### DATASET EXCERPTS
'''

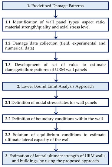 In this study, a two-phase simplified approach is proposed to predict the in-plane strength capacity of URM walls and also buildings (Figure 1). In the first phase, in-plane damage and failure patterns of URM walls are determined from available observational (field) data, experimental data and also from numerical analysis data. Then, a set of rules are proposed to estimate damage and failure patterns of URM wall panels. In the second phase, this valuable information is employed to develop a simplified numerical model with a coarse mesh for the masonry wall, which is consistent with the crack formation at the ultimate state. Then, lower-bound limit analysis approach is used to predict the failure load of the wall without any further sophisticated analysis. At the final stage, the proposed approach is verified by comparing the numerical results with experimental data from URM wall tests. By the assistance of this approach, it becomes possible to estimate the lateral capacities of ordinary, non-engineered URM walls and buildings from damage patterns at failure stage. As an ultimate goal, this structural information can be used for seismic risk assessment of regions where the building typology considered in this study governs the building stock. In this paper, wall damage is assumed to occur within the plane of the wall due to cracking, which is a function of the in-plane behavior modes explained in Section 2.
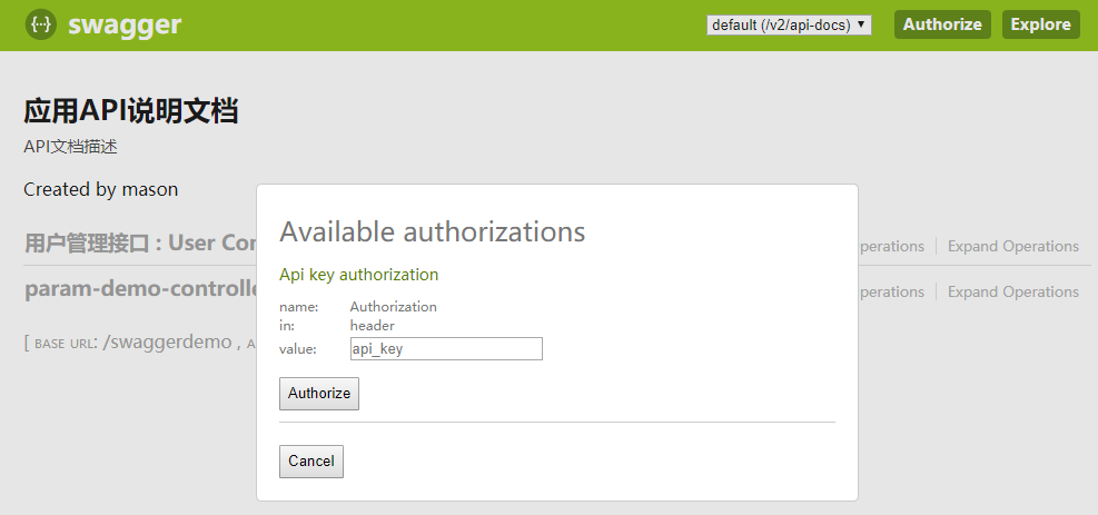 设置认证模式,并使用正则式对需要认证的接口进行筛选,这样swagger界面提供统一的认证界面。如下:
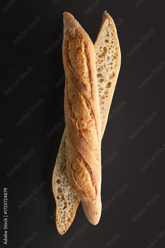 Crusty Baguette Slices On Dark Background Fresh Bakery Sourdough Bread Close-Up For Food Photography
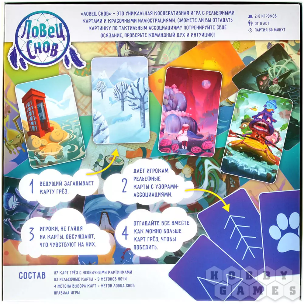 Добро пожаловать в страну поразительных грёз! В командной настольной игре "Ловец снов" вашему вниманию предстанут причудливые сюжеты, а вашей задачей будет "поймать сон", то есть разгадать эти самые сюжеты. А постараетесь вы это сделать не словами, а на ощупь! Закройте глаза и представьте свой самый удивительный сон... Необычная игра на ассоциации начинается!
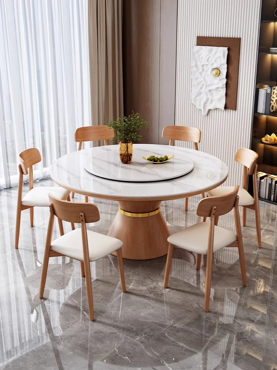 高級感漂う!モダンでシンプルな家庭用岩板ダイニングセット - 高級天然大理石と無垢材を使用したラウンドテーブル 디자인、ラグジュアリーな雰囲気で素敵な食事のお時間を。
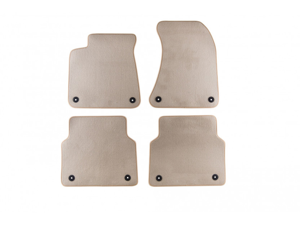 Автомобилни мокетни стелки за Audi А8 03/2010=> 4 ЧАСТИ БЕЖОВИ с изключително високо качество на изработка и пасване. За направата им e използван висококачествен мокет. Долната им част е гумирана. Гарантирано дълъг живот. Директно се поставят без никакви допълнителни корекции. В комплекта се включват щипки за по-добро закрепване. Стелките са произведени в Германия.
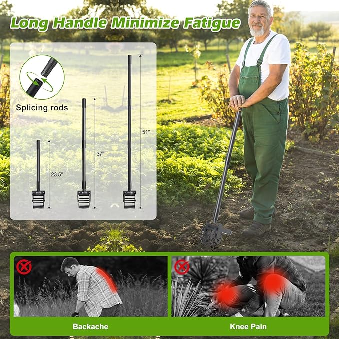- Heavy-Duty All-Metal Build to Handle Tough Soil: Crafted from durable steel and finished with anti-rust coating, this cultivator is engineered for longevity and strength. Unlike plastic or lightweight tools that warp or snap, this rugged design holds up against rocky soil, dense weeds, and repeat use
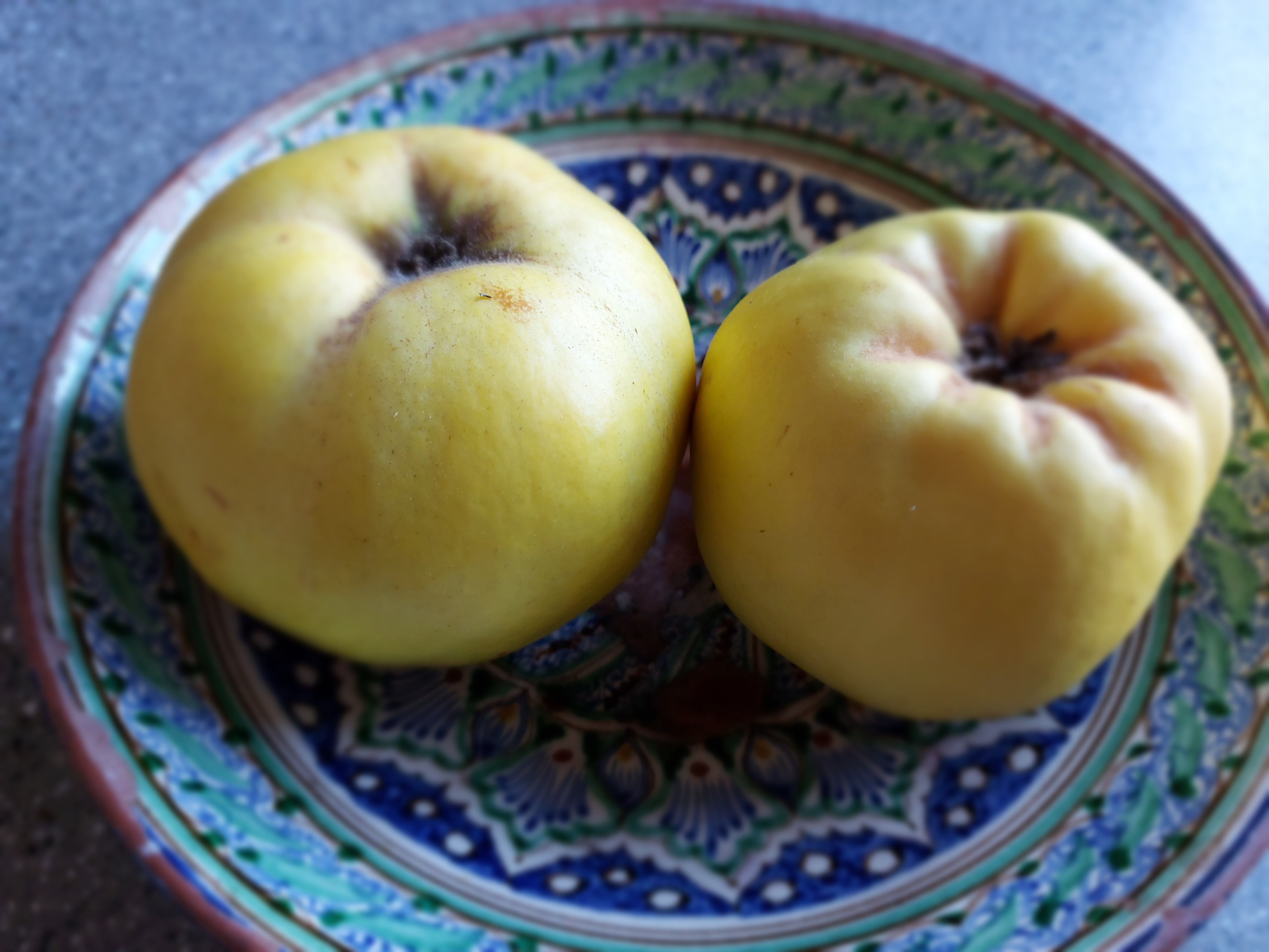 When cooked, quince turns from a yellow hue to a deep amber colour. In Spain, quince is the base for ‘Membrillo‘, a sweet jelly that is served with Manchego cheese. In Turkey, which accounts for more than a quarter of the world’s quince crop, it can often be found stewed in syrup as part of a classic Turkish breakfast spread alongside cheese and olives or baked in the oven and served with clotted cream. It’s also popular in Uzbekistan – we once had a plov garnshed with quince slices and cashews.

'''

### YOUR ASSIGNMENT
The entries above, without their pictures, should be written out exactly.

### ANSWER TO THE EXERCISE
 In this study, a two-phase simplified approach is proposed to predict the in-plane strength capacity of URM walls and also buildings (Figure 1). In the first phase, in-plane damage and failure patterns of URM walls are determined from available observational (field) data, experimental data and also from numerical analysis data. Then, a set of rules are proposed to estimate damage and failure patterns of URM wall panels. In the second phase, this valuable information is employed to develop a simplified numerical model with a coarse mesh for the masonry wall, which is consistent with the crack formation at the ultimate state. Then, lower-bound limit analysis approach is used to predict the failure load of the wall without any further sophisticated analysis. At the final stage, the proposed approach is verified by comparing the numerical results with experimental data from URM wall tests. By the assistance of this approach, it becomes possible to estimate the lateral capacities of ordinary, non-engineered URM walls and buildings from damage patterns at failure stage. As an ultimate goal, this structural information can be used for seismic risk assessment of regions where the building typology considered in this study governs the building stock. In this paper, wall damage is assumed to occur within the plane of the wall due to cracking, which is a function of the in-plane behavior modes explained in Section 2.
 设置认证模式,并使用正则式对需要认证的接口进行筛选,这样swagger界面提供统一的认证界面。如下:
 Crusty Baguette Slices On Dark Background Fresh Bakery Sourdough Bread Close-Up For Food Photography
 Добро пожаловать в страну поразительных грёз! В командной настольной игре "Ловец снов" вашему вниманию предстанут причудливые сюжеты, а вашей задачей будет "поймать сон", то есть разгадать эти самые сюжеты. А постараетесь вы это сделать не словами, а на ощупь! Закройте глаза и представьте свой самый удивительный сон... Необычная игра на ассоциации начинается!
 高級感漂う!モダンでシンプルな家庭用岩板ダイニングセット - 高級天然大理石と無垢材を使用したラウンドテーブル 디자인、ラグジュアリーな雰囲気で素敵な食事のお時間を。
 Автомобилни мокетни стелки за Audi А8 03/2010=> 4 ЧАСТИ БЕЖОВИ с изключително високо качество на изработка и пасване. За направата им e използван висококачествен мокет. Долната им част е гумирана. Гарантирано дълъг живот. Директно се поставят без никакви допълнителни корекции. В комплекта се включват щипки за по-добро закрепване. Стелките са произведени в Германия.
- Heavy-Duty All-Metal Build to Handle Tough Soil: Crafted from durable steel and finished with anti-rust coating, this cultivator is engineered for longevity and strength. Unlike plastic or lightweight tools that warp or snap, this rugged design holds up against rocky soil, dense weeds, and repeat use
 When cooked, quince turns from a yellow hue to a deep amber colour. In Spain, quince is the base for ‘Membrillo‘, a sweet jelly that is served with Manchego cheese. In Turkey, which accounts for more than a quarter of the world’s quince crop, it can often be found stewed in syrup as part of a classic Turkish breakfast spread alongside cheese and olives or baked in the oven and served with clotted cream. It’s also popular in Uzbekistan – we once had a plov garnshed with quince slices and cashews.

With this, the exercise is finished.